Where the Wild Things Are dragon, from "and in and out of weeks and almost over a year to where the wild things are"  

20 year veteran tattoo artist, and long time friend of Type Tim,  Tyrone "Red" Cooley, of West End Tattoo in Atlanta, Georgia, is the creator of these wild thing tats.  These tattoo art replications of one of the most beloved children's books  took three years to complete. From 2010 through 2012 Type Tim sat through 18 sittings, 3-6 hours each, for a total of 80 hours.  The pain, he says, was relative.

I wanted to do images from Where the Wild Things Are because it is my favorite book and I love the imagery. We started with the back and decided each placement relative to what was done before. And it kept growing...but now we are done!

If you want to see his tattoos in person, going to one of his shows is a must.  That's also where you'll find out one of the reasons why he's got a typewriter in his name.

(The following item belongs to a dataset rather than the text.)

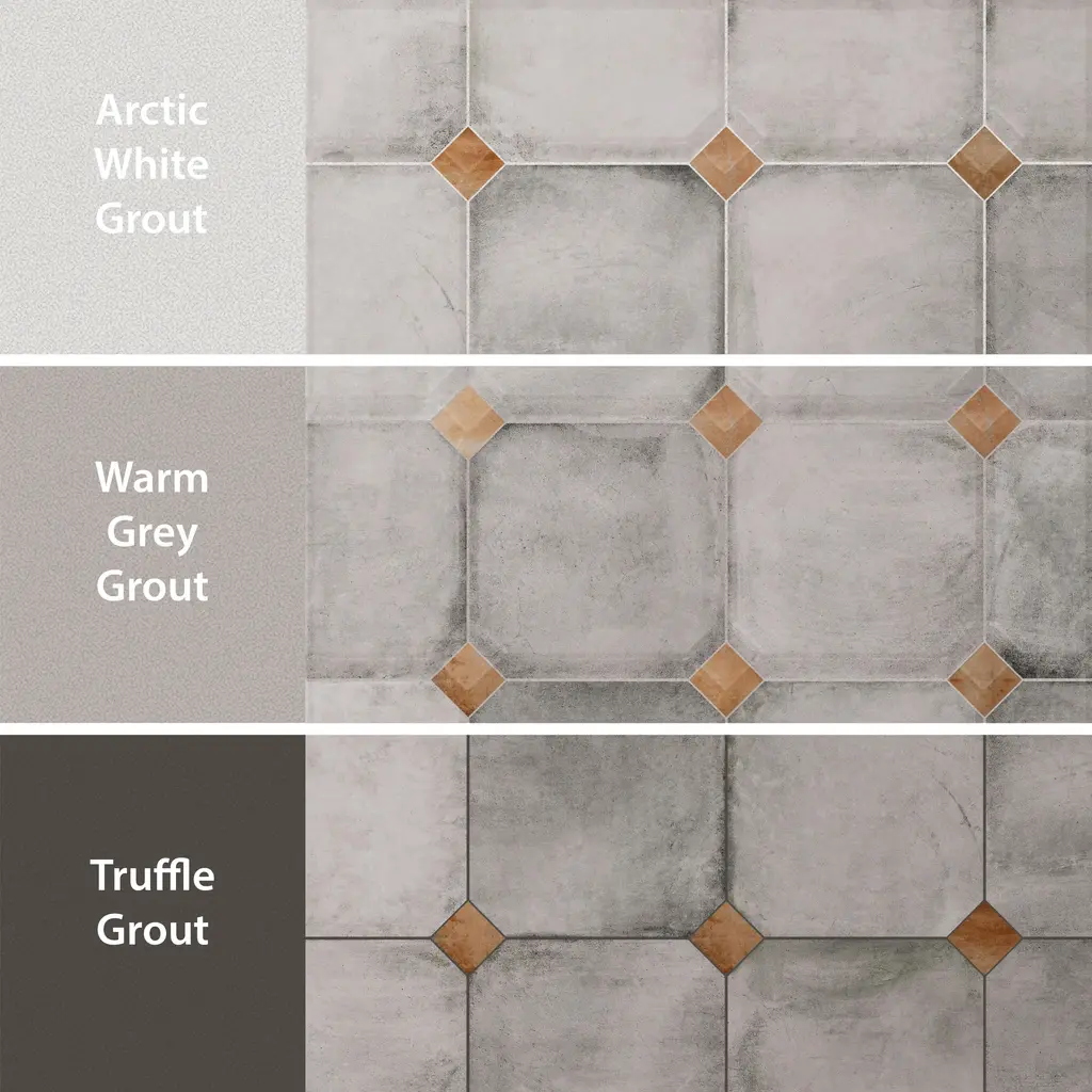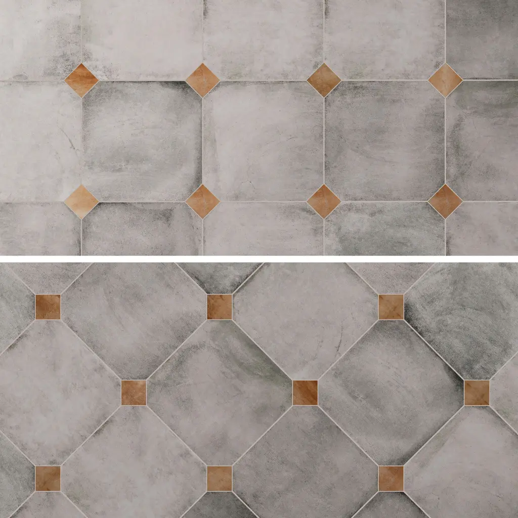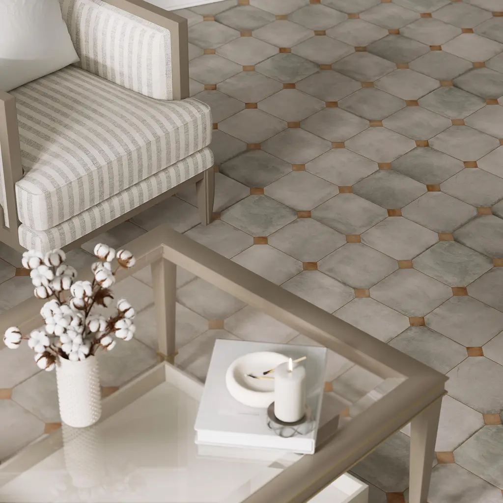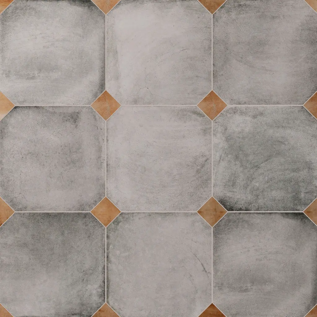 Offering a cement look, our Laverton Octagon Gris with Taco Natural Porcelain Floor and Wall Tile features a smooth, matte finish, providing decorative appeal that adapts to a variety of stylistic contexts. Inspired by Laverton's quaint stone cottages and picturesque hills, this collection's matte finish, slight undulation, and versatile colors create a unique blend of rustic charm and timeless elegance, transforming your space into a cozy haven reminiscent of the English countryside. Containing 52 different print variations that are randomly distributed throughout each case, this gray specialty tile offers a one-of-a-kind look. With its impervious, frost-resistant features, this tile is an ideal selection for a variety of spaces including indoor and outdoor residential installations, kitchens, bathrooms, backsplashes, showers, hallways, pools and fireplace facades. Discover more products from the Merola Tile Laverton Collection to complete your design. To ensure optimal results, please consult with your installer and review the product specifications to confirm that this tile meets the specific needs of your project. 11.25 square feet, 50 pieces per case. Case weight is 41.72 lbs. Grade 1, first-quality porcelain tile for floor and wall use This kit includes a total of 50 pieces, featuring a variety of components in different sizes and shapes - refer to the images for installation inspiration and ideas Glazed, smooth finish with a low sheen and moderate variation in tone PEI Rating III is suitable for medium-duty residential floors including kitchens, halls, corridors, balconies, terraces and areas used more often with normal footwear and small amounts of dirt Impervious tiles have a water absorption of less than 0.5% for indoor and outdoor use and are frost resistant This tile is ADA approved for slip resistance with a DCOF value of 0.42 or higher. Completely frost resistant for indoor or outdoor applications; use a latex-modified thinset for acceptable bond strength Please note: A sample of this product may be a partial piece cut from the full size tile in order to provide an affordable and convenient way for customers to judge the quality and finish of this item. Samples are not returnable.
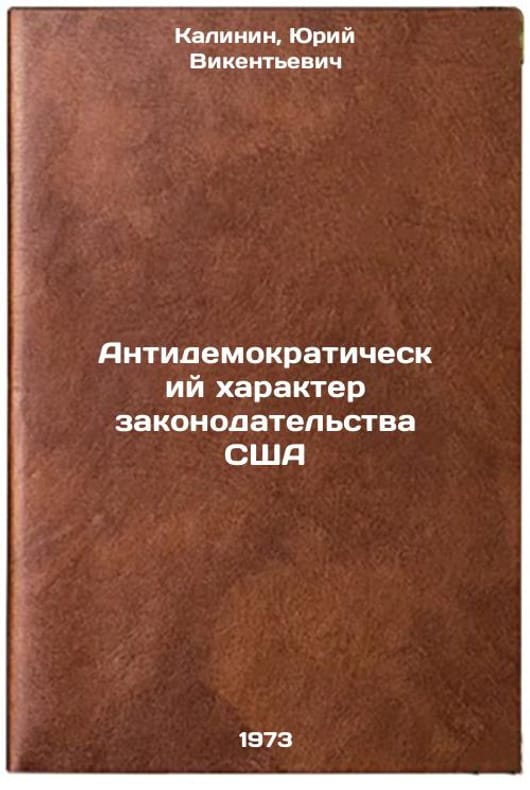 In Russian. Kalinin, Yuri Vikentyevich. Anti-democratic nature of US legislation. Minsk: 1973. Antidemokraticheskiy kharakter zakonodatelstva SShA. In Russian/Anti-democratic nature of US legislation. All images are for identification of editions only. Several books of the same edition may be available. Please feel free to request photos of available books. SKU7387426

What Type Tim wants most out of his performances is to reach a reciprocal connection with his audience. And what better way to connect with someone than through a reminder of the familial inner child. It's a connection that all of us have with each other. If we only stop to listen and to feel, we'll see that it is there.  And so you'll hear bits of Dr. Seuss, Shel Silverstein, and always, always, you'll get Maurice Sendak's Where the Wild Things Are

Maurice Sendak's Where the Wild Things Are reverse image without max from: "the night Max wore his wolf suit and made mischief of one kind"

Now, don't go thinking that his shows are going to be all warm and soft and gentle.  On the contrary, children's stories and verses make up only a small part of his shows, and even then they are performed with a hard edge. In reality, his performances are filled with lights, sounds,  wild, funky, and with crazy (the good kind).  And all of this is happening with a typewriter and various musical artists.  Type Tim describes them as

"Ever unique, funky, stream of unconscious performance art happening with a typewriter player that needs to be experienced to be believed."

What's the craziest thing he's ever done at a performance? 

PG answer - While performing the "Wild Rumpus" (part of the book) at my last show at KU, fresh out of a body bag, naked in Lawrence KS, the KU drum corp played tribal drums from the back of the room, and a Harley Davidson fired up and rolled out onto the dance floor as my 15 piece funk band, joined by stripping women onstage, jammed with the drums spreading out all over the room...at the end of the show hundreds of people lined up on stage to give me a hug goodbye... 

A rumpussing Max, whose wolf suit tail wraps around to the front. 

from the front cover of Maurice Sendak's Where the Wild Things Are

island and trees from Maurice Sendak's Where the Wild Things Are back cover. 

wild things in a wild rumpus

 More wild things rumpus from the center plates of Maurice Sendak's Where the Wild Things Are. 

 "till Max said, "BE STILL!" and tamed them with the magic trick" 

Type Tim Bonus Material

My first typewriter was my Mom's Royal "Quiet De Lux" and is the model I tend to use. They sound great, hold up to a beating, and are lightweight. Everybody wants me to play them all the time but without a band with me, it gets kinda old pretty quick...The typewriter, for me, is a concept and art, less the tick-tick sound it makes...
I play a Royal Mercury from the 60's right now. It is my 6th one (I play them so hard I tend to break them...)that has been rigged for direct sound by John Higgins, a local guitar tech/restorer.

Wild rumpus in session, Maurice Sendak's Where the Wild Things Are.